The company reported a significant increase in the number of upper midscale hotels, which grew by 36% year-over-year, reaching a total of 933 hotels. The pipeline also expanded by 22% year-over-year to 523, indicating strong momentum in this segment.

Robust Membership Growth

H World Group’s membership base saw impressive growth, reaching nearly 280 million. Room nights generated through the central reservation system accounted for 65.1% of the total, marking an increase of 5.4 percentage points from the previous year.

Improvement in Asset-Light Model

The company’s asset-light strategy showed positive results, with the percentage of manachised and franchised hotels increasing to 46% from 38% in the previous year. Additionally, asset-light hotels in the pipeline rose to 57%.

Strong Growth in Manachised and Franchised Revenue

The manachised and franchised business segment experienced robust growth, achieving a 21.1% increase year-over-year. This was driven by a strong expansion of the network.

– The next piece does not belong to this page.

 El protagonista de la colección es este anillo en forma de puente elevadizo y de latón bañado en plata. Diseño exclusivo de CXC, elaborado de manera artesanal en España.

Legacy-DH RevPAR Improvement

Legacy-DH’s RevPAR improved by 12.7%, with the Average Daily Rate (ADR) up by 2.8% and occupancy increasing by 5.3 percentage points. The segment performed particularly well in North Africa and the Middle East.

RevPAR Decline for Legacy-Huazhu

Conversely, the Legacy-Huazhu segment faced challenges, with RevPAR declining by 3.9% year-over-year. This was accompanied by a 2.6% decrease in ADR and a slight drop in occupancy rate by one percentage point.

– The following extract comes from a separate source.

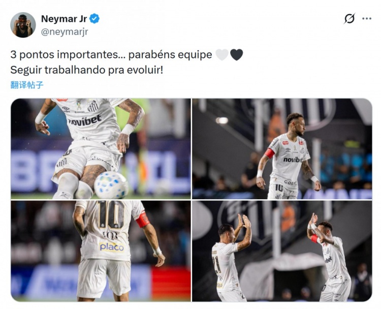 内马尔在社交媒体上晒出比赛照片,配文:“拿下重要三分,恭喜全队。继续努力,不断进步!”

Challenges from Tariff Issues

Tariff issues that began in April introduced uncertainties to the market outlook, affecting business travel and contributing to market volatility.

Decrease in DH Revenue

DH revenue decreased by 11.3% year-over-year, primarily due to the transformation of 10 leased hotels into franchised hotels.

Like-for-Like RevPAR Decline

The company experienced an 8.3% year-over-year decline in like-for-like RevPAR, attributed to pressures from new supply and regional occupancy challenges.

Forward-Looking Guidance

Looking ahead, H World Group anticipates a challenging environment for RevPAR in the first quarter of 2025, with a 3.9% year-over-year decline. Despite these challenges, the company expects promising growth in leisure travel demand, with mid-to-high single-digit increases in traveler numbers and spending during key holidays. The company plans to focus on quality improvement, with a pipeline of 2,865 hotels by the quarter’s end. Revenue is expected to grow between 1% and 5% in Q2 2025, driven by an 18% to 22% increase in manachised and franchised revenue.

In summary, H World Group’s earnings call presented a nuanced picture of the company’s current standing. While there are significant growth opportunities in the upper midscale and asset-light segments, challenges such as RevPAR decline and tariff-related uncertainties remain. The forward-looking guidance suggests cautious optimism, with strategic focus areas poised to drive future growth.